Running in Production - Reparenting - 《Vitess v18.0 Documentation》

Reparenting

Once you have the cluster up and running, you should perform a trial failover using PlannedReparentShard to make sure it works as expected.

A typical use case for PlannedReparentShard is to use it during software updates. The command has a convenient avoid_tablet flag that allows you to specify the current vttablet you are going to perform maintenance on. If that is a primary, then it performs a failover to another eligible replica. Otherwise, it is a no-op.

You can also perform a “Planned Reparent” through the browser from the VTAdmin Dashboard.

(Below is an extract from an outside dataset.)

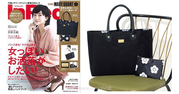 In Red 10月号 赠MARY QUANT特制手提包&雏菊收纳小包,可以轻松装入杂志尺寸的手提包非常受日本人喜欢,容量很大也可以单肩背,金色的logo提升质感。同款的收纳小包则是经典的雏菊印花,和包包内衬的图案一致。

The Vitess operator performs this step automatically when a container is gracefully brought down by Kubernetes, which also takes care of the use case of a software rollout. If a container or pod is brought down abruptly or crashes, then the primary will be unavailable until Kubernetes restarts it. However, if VTOrc is also deployed, it will detect this and failover to another eligible replica as the primary. VTOrc will not intervene during a graceful shut down.

For more information, please refer to the Reparenting section.

A reparenting operation can fail in the middle. If so, it is possible for the system to be in a situation where two vttablets report themselves as primary. If this happens, the one with the newer timestamp wins. The vtgates will automatically treat the newer primary as authoritative. The system will eventually heal itself because the vttablets use a registration protocol via the global topo and the older tablet will demote itself to a replica when it notices that it is no longer the primary.